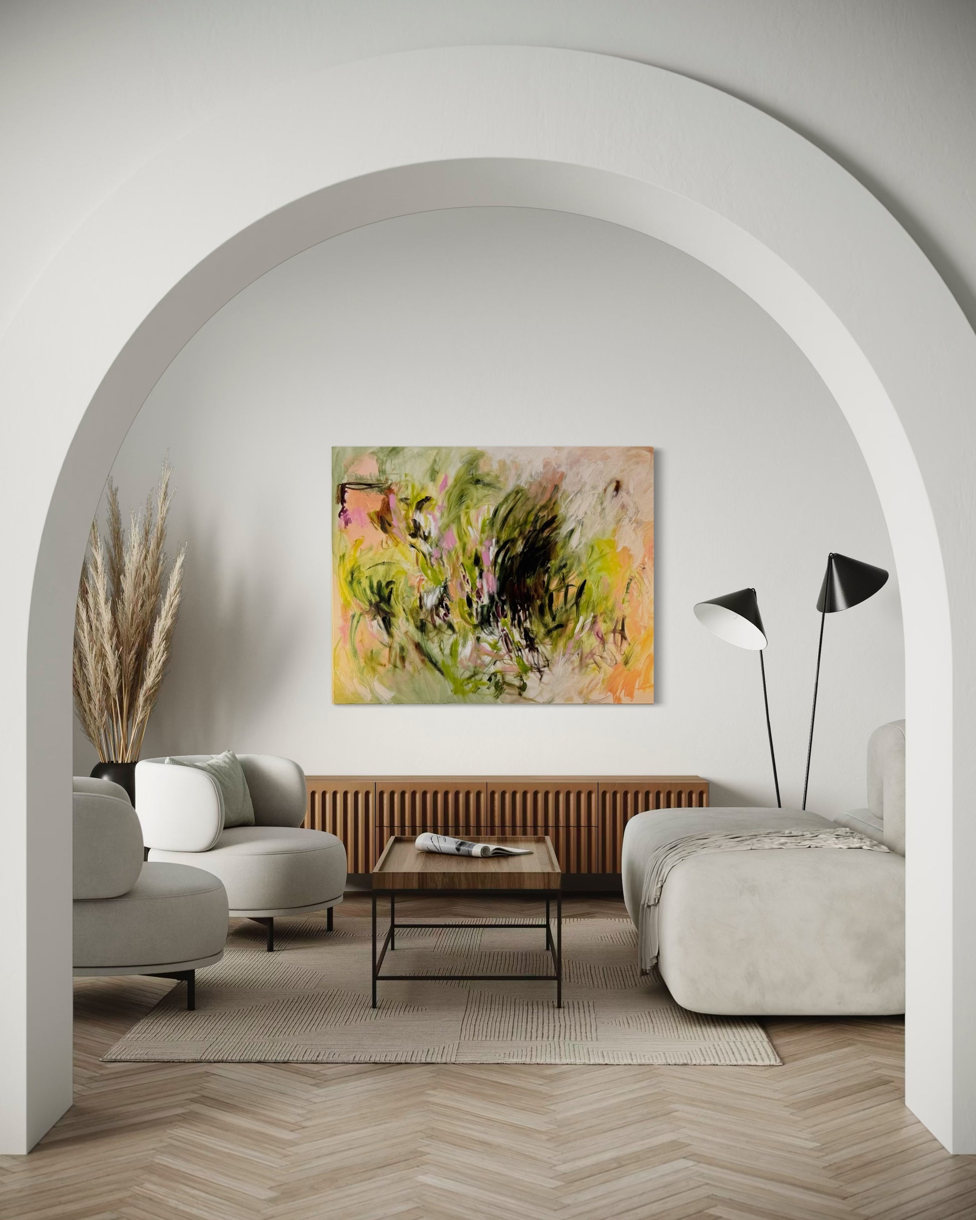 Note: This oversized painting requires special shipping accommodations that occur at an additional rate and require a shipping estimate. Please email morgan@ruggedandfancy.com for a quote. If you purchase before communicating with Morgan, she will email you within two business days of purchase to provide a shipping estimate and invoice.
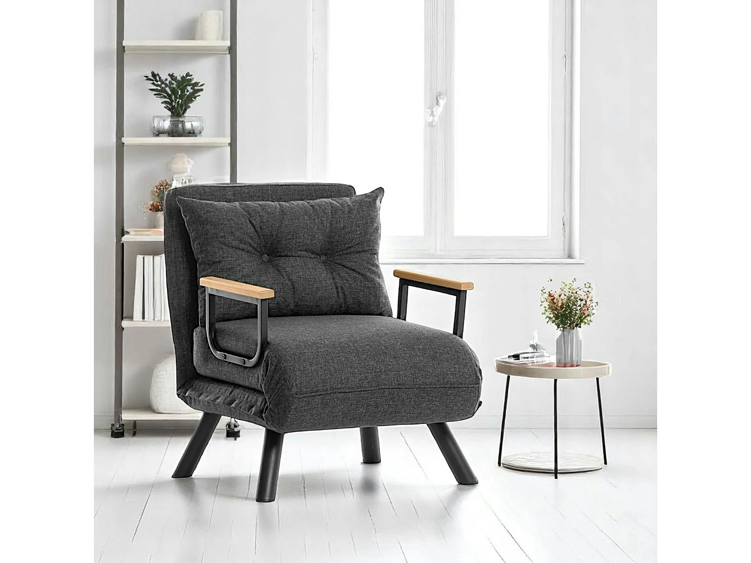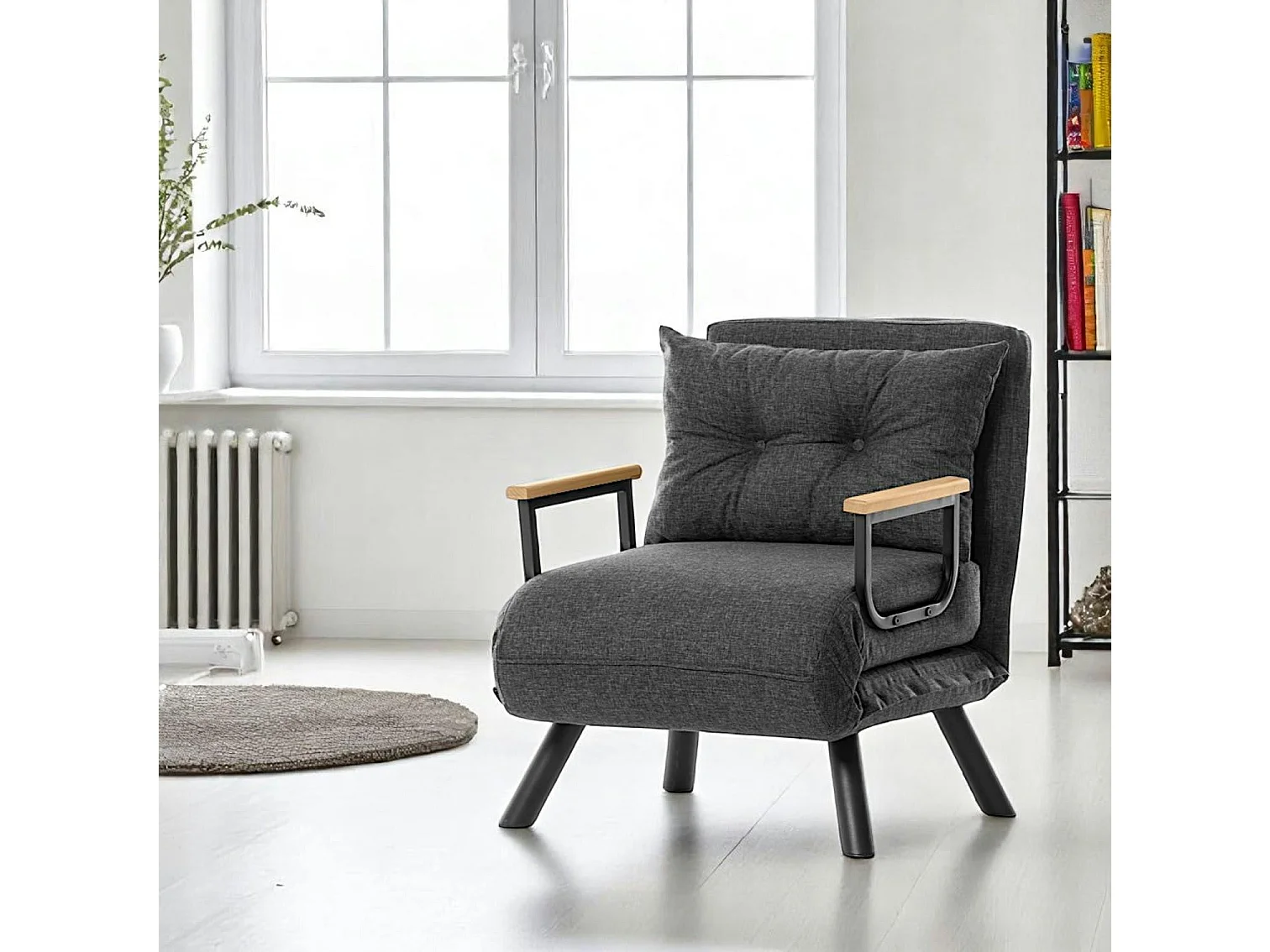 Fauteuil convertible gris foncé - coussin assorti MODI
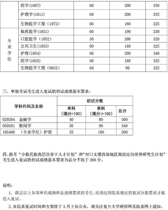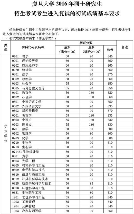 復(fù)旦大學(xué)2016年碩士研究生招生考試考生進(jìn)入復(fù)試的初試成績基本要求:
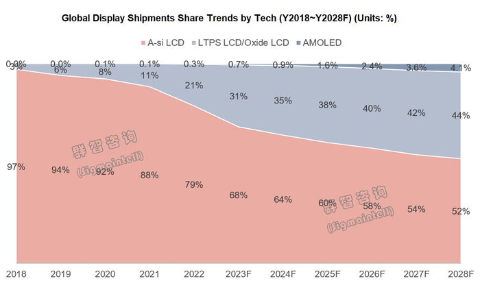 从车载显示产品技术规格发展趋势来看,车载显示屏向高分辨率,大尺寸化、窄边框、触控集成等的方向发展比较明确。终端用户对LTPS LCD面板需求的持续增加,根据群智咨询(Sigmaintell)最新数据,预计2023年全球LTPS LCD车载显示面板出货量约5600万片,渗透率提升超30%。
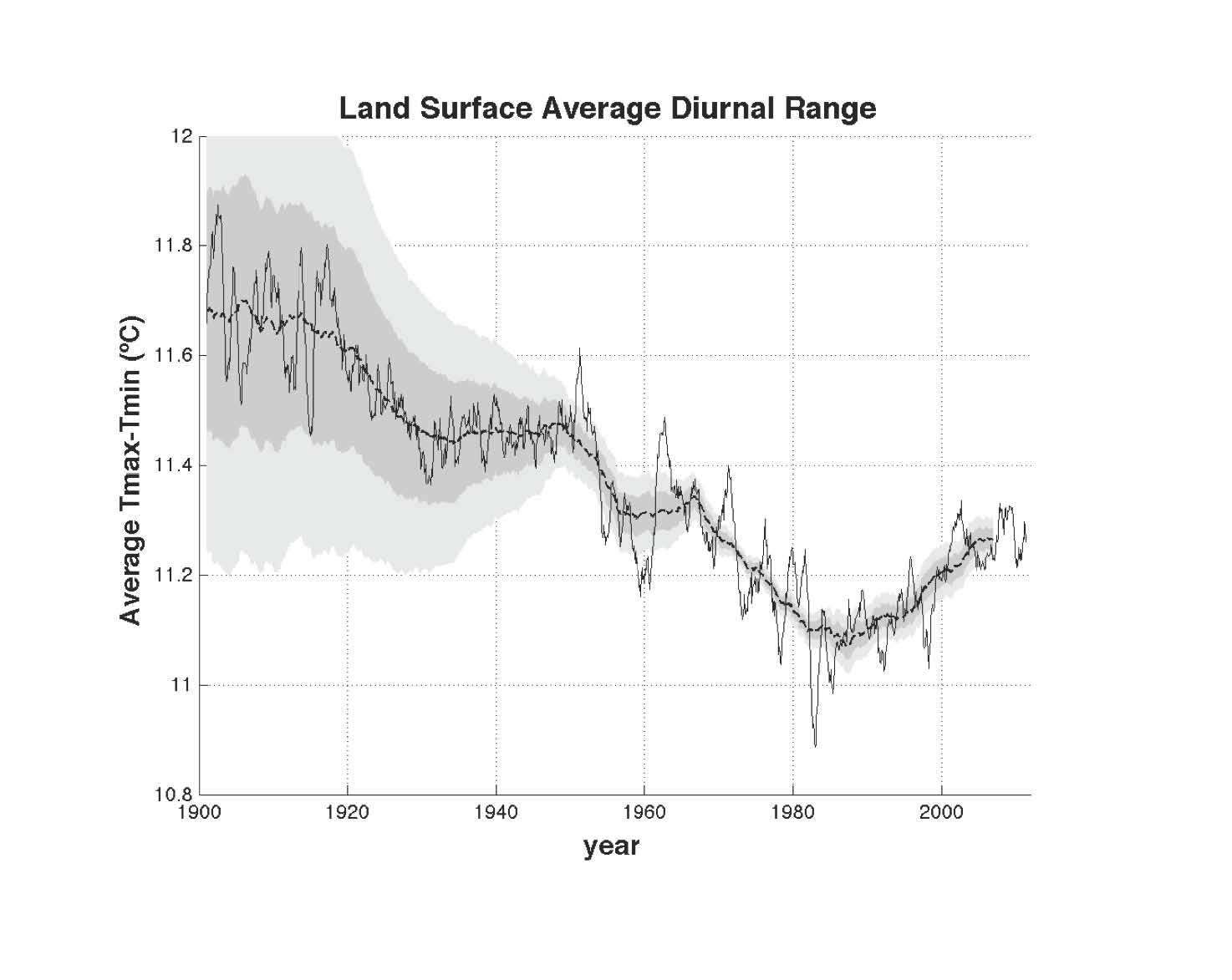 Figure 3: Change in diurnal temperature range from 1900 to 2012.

============

• **Work required**: Reproduce the listing exactly, but omit every picture in it.

• **Response**:
 Note: This oversized painting requires special shipping accommodations that occur at an additional rate and require a shipping estimate. Please email morgan@ruggedandfancy.com for a quote. If you purchase before communicating with Morgan, she will email you within two business days of purchase to provide a shipping estimate and invoice.
 Fauteuil convertible gris foncé - coussin assorti MODI
 復(fù)旦大學(xué)2016年碩士研究生招生考試考生進(jìn)入復(fù)試的初試成績基本要求:
 从车载显示产品技术规格发展趋势来看,车载显示屏向高分辨率,大尺寸化、窄边框、触控集成等的方向发展比较明确。终端用户对LTPS LCD面板需求的持续增加,根据群智咨询(Sigmaintell)最新数据,预计2023年全球LTPS LCD车载显示面板出货量约5600万片,渗透率提升超30%。
 Figure 3: Change in diurnal temperature range from 1900 to 2012.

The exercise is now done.